Altamusica
Gérard MANNONI
 
Konzert, Paris, 12. März 2012
 
Kaufmann-Nelsons, un duo bayreuthien
 
Concert de l’Orchestre Symphonique de Birmingham sous la direction d’Andris Nelsons, avec la participation du ténor Jonas Kaufmann au Théâtre des Champs-Élysées, Paris.
 
Lors du Lohengrin de Bayreuth 2010, Nelsons dirigeait Kaufman dans le rôle-titre. Ils se retrouvent au TCE pour ce concert Mahler-Strauss-Sibelius au curieux programme, pas toujours égal, mais où l’Orchestre Symphonique de Birmingham s’impose avec éclat, le lendemain d’une version de concert de Tristan qui a déjà fait couler beaucoup d’encre.

Jonas Kaufmann reste certes l’un des deux ou trois ténors les plus éblouissants de l’heure. Peut-il pour autant tout se permettre ? Ce concert vient de montrer que, en restant à un niveau de technicité difficile à égaler, il peut faire des choix discutables.

Aborder les Kindertotenlieder de Mahler écrits pour baryton peut être une tentation pour ce type de ténor aux moyens de plus en plus sombres et puissants. Est-ce pourtant sans risque ? Kaufmann donne de ces pages d’une énorme densité dramatique une interprétation en forme de leçon de chant, mais assez loin du contenu émotionnel du texte et de la musique.

Vocalement, tout est parfait, le souffle, les nuances, le legato, les intentions résultant d’une analyse très poussée. Il manque pourtant au timbre lui-même une qualité intrinsèque capable d’émouvoir par nature comme le furent ceux de Kathleen Ferrier, inégalable absolument, mais aussi de Fischer-Dieskau parfois presque trop théâtral, ou de Christa Ludwig, Jessye Norman et même des barytons contemporains comme Thomas Hampson, Wolfgang Holzmair ou Bryn Terfel, que ce soit au concert ou au disque.

L’œuvre a sans aucun doute besoin d’ombres spécifiques au vrai timbre de baryton. Kaufmann chante plus sur la voix que, pour une fois, sur les mots, et l’on peut s’en rendre compte après l’entracte dans le répertoire Strauss lui convenant à la perfection à tous égards.

Les Lieder qu’il interprète alors avec orchestre nous ramènent au meilleur Kaufmann, celui entendu voici peu en récital dans cette même salle. L’émotion fuse d’elle-même dans les demi-teintes, et la sensibilité toute en retenue de Ruhe, meine Seele, la voix se libère avec sa vraie générosité dans Cäcilie ou dans l’ample Zueignung donné en bis. La perfection.

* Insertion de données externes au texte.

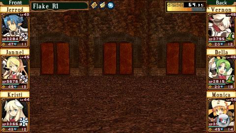Ja, die Kämpfe werden bis auf wenige Ausnahmen ganz altmodisch per Zufallsgenerator initiiert, die Häufigkeit ist aber erfreulich niedrig, so dass der Erkundungsfluss in den Dungeons kaum gestört wird. Manche Konfrontationen sind sogar im Voraus als symbolische Platzhalter erkennbar. Die Auseinandersetzungen selbst laufen strikt rundenbasiert ab. Man gibt jedem seiner Gruppenmitglieder einen Befehl der ihn angreifen, verteidigen, einen Gegenstand einsetzen, einen Zauber wirken oder eine Fertigkeit verwenden lässt. In der darauf folgenden Aktionsphase werden diese dann zusammen mit den Manövern der Gegner ausgeführt, wobei sich die Darstellung auf simple Effekte und Texteinblendungen beschränkt, die alle einzeln per Tastendruck bestätigt werden müssen. Zwar kann man während der Aktionsphase auch bei gedrückter X-Taste das Steuerkreuz nach unten drücken, um den Ablauf zu automatisieren. Besonders komfortabel ist das aber nicht und eine Option zur vollautomatischen Darstellung ohne ständig irgendwelche Knöpfe gedrückt zu halten, gibt es nicht…
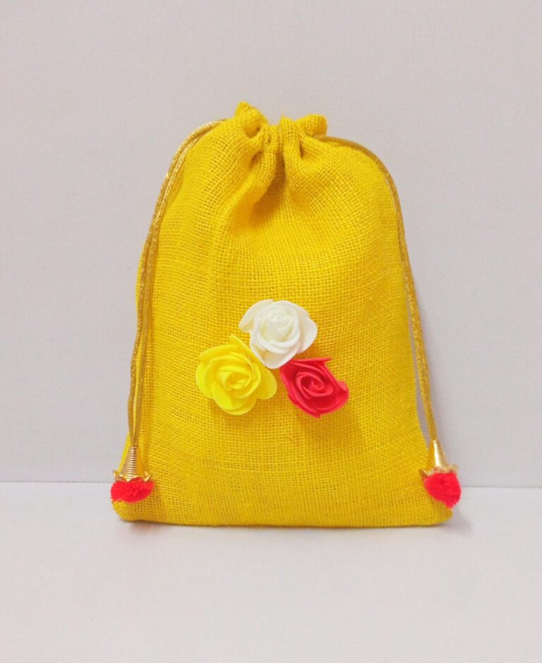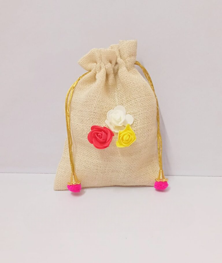 ถุงผ้าปอกระเจาสีสันสดใส ทำจากเส้นใยธรรมชาติที่เป็นมิตรกับสิ่งแวดล้อม ใช้ซ้ำได้ ทนทาน พร้อมเชือกรูด สำหรับบรรจุของขวัญ ขนาด 9*7 นิ้ว
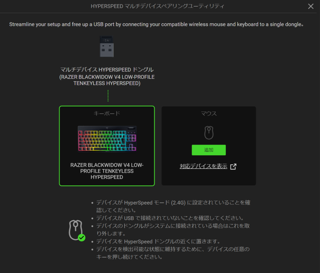 HyperSpeed Wirelessモードは2.4GHz帯を利用しており、マルチデバイスペアリング対応マウスがあれば同一のドングルで一緒にペアリングができるため、USBポートの節約が可能。
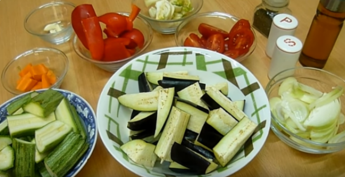В сезон овощей нужно обязательно готовить из них блюда, чтобы пополнить для организма запас витаминов. Из свежих овощей делают салаты. А можно приготовить и гарнир. Сейчас напишу, как это сделать. Овощи для этого блюда могут быть любые, какие есть в холодильнике. Не привязывайтесь к ингредиентному составу, здесь поле для фантазии свободное. Ингредиенты: Запеченные в духовке баклажаны — способ приготовления: 1. Овощи нужно помыть и обсушить или промокнуть насухо салфеткой. Нарезать достаточно крупными кусками. Но размер кусочков может быть любой, в зависимости от Ваших предпочтений. 2. Баклажаны нарежьте и сложите в отдельную миску. Оливковое масло налейте по краю миски и перемешайте. Если лить масло непосредственно на баклажаны, то они сразу же его впитают, и жира понадобится больше. Также посолите баклажаны. 3. Противень смажьте оливковым маслом и выложите баклажаны, кабачки, помидоры, лук и все остальные нарезанные овощи. 4. Посолите и поперчите овощи по вкусу. Посыпьте

Des comparaisons qui pour se situer à un niveau vocal extrêmement élevé, élitiste, n’en sont pas moins source de question. Encore une fois, le répertoire de Lieder et de mélodies n’est-il pas assez vaste dans toutes les langues que Kaufmann sait chanter pour qu’il éprouve la nécessité d’aller chasser sur les terres des barytons ? À moins qu’il ne prépare quelque évolution de sa voix pour un futur plus ou moins lointain ?

Déjà très impressionnante par sa ferveur, son intériorité et sa qualité sonore dans la partie chantée d’un programme curieusement articulé – vingt minutes de musique, puis entracte, puis une grande heure – la direction d’Andris Nelsons allait déployer toute sa force, son intelligence et sa personnalité dans la Deuxième Symphonie de Sibelius.

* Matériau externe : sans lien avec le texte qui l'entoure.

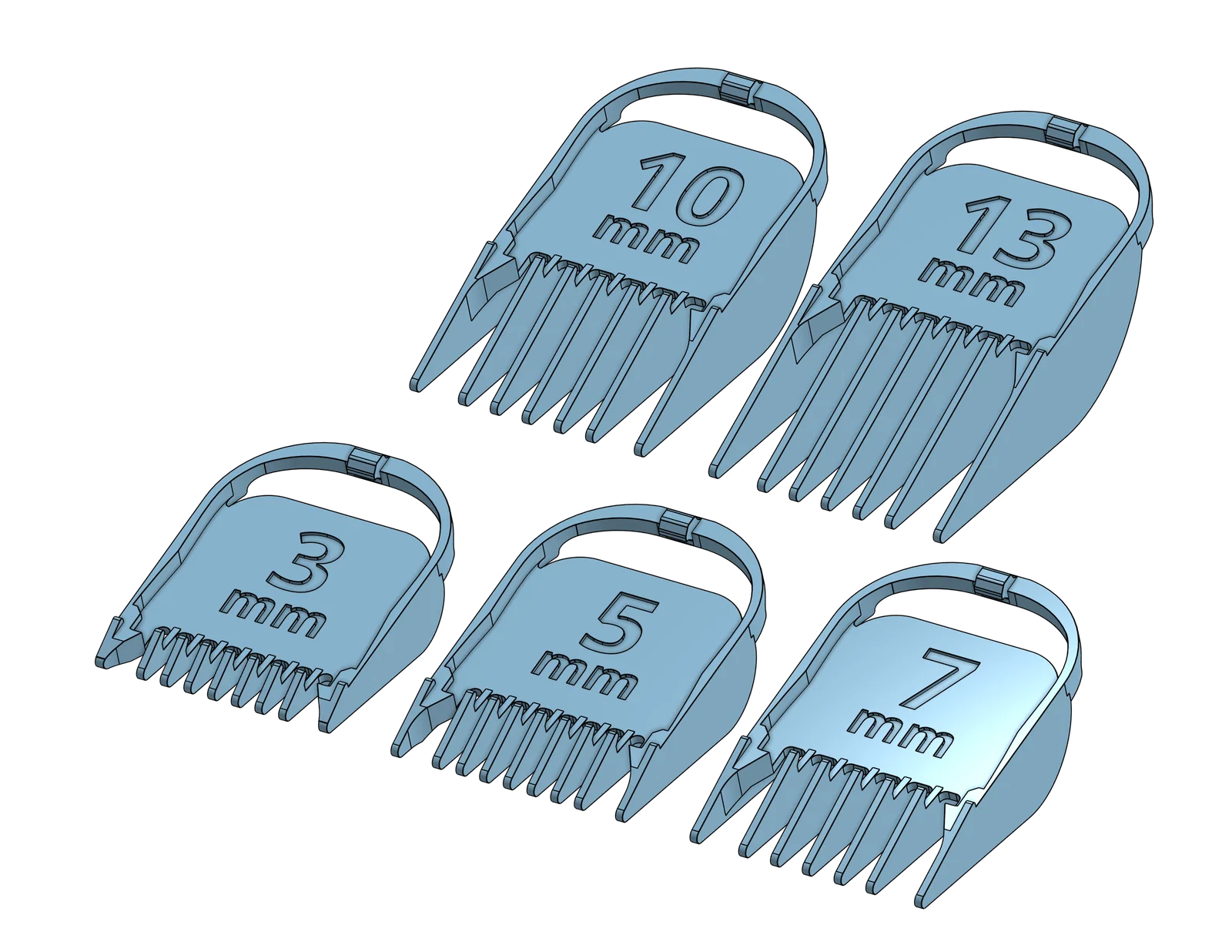 Bộ cữ lược này được thiết kế dựa trên thông số chuẩn của dòng Philips MG 3000, đảm bảo độ bám chắc chắn khi gắn vào máy. Dù bạn cần độ dài 3mm, 5mm, 7mm, 10mm hay 13mm, các tệp tin này đều đáp ứng đầy đủ, giúp việc cắt tỉa trở nên đồng nhất và chuyên nghiệp. Nhờ vào công nghệ in 3D, bạn có thể tự mình tái tạo lại những phụ kiện tưởng chừng đã mất đi, vừa tiết kiệm tiền bạc lại vừa thỏa mãn đam mê in ấn của chính mình.
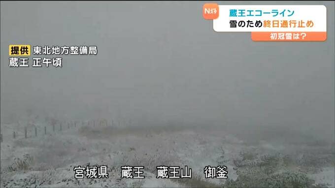 強い寒気の影響で蔵王の山頂付近では雪が積もり、蔵王エコーラインは、28日終日通行止めとなりました。

Peu connu et quasiment pas pratiqué chez nous, l’œuvre symphonique de Sibelius, avec de tels défenseurs, pourrait bien connaître le même cheminement que celui de Tchaïkovski et même de Berlioz, à savoir nous être révélé par le truchement de grands orchestres et de grands chefs étrangers.

L’association de l’excellent orchestre qu’est le Symphonique de Birmingham et du très talentueux chef Letton Andris Nelsons s’est en effet révélée assez fulgurante. La battue haute et large, tout le corps investi dans une gestique mue par les pulsations de la musique, Nelsons emporte cette partition aux couleurs inhabituelles dans un souffle assez irrésistible.

Il en révèle les nombreuses subtilités d’écriture et met en valeur le grand élan vital qui conduit l’œuvre à sa conclusion optimiste et polychrome. Il y a un investissement total, physique, dans sa direction qui pousse les instrumentistes dans leurs ultimes retranchements, les arrache à eux-mêmes. Et quels instrumentistes ! Harmonie magnifique abondamment sollicitée, quatuor mené par un premier violon de grande classe qui s’illustra déjà dans les Lieder de Strauss notamment.

Successeur depuis 2006 de Sir Simon Rattle à la tête de cette formation, Andris Nelsons est en train de rejoindre, à trente-quatre ans, la cohorte de tête de la nouvelle génération de grands chefs.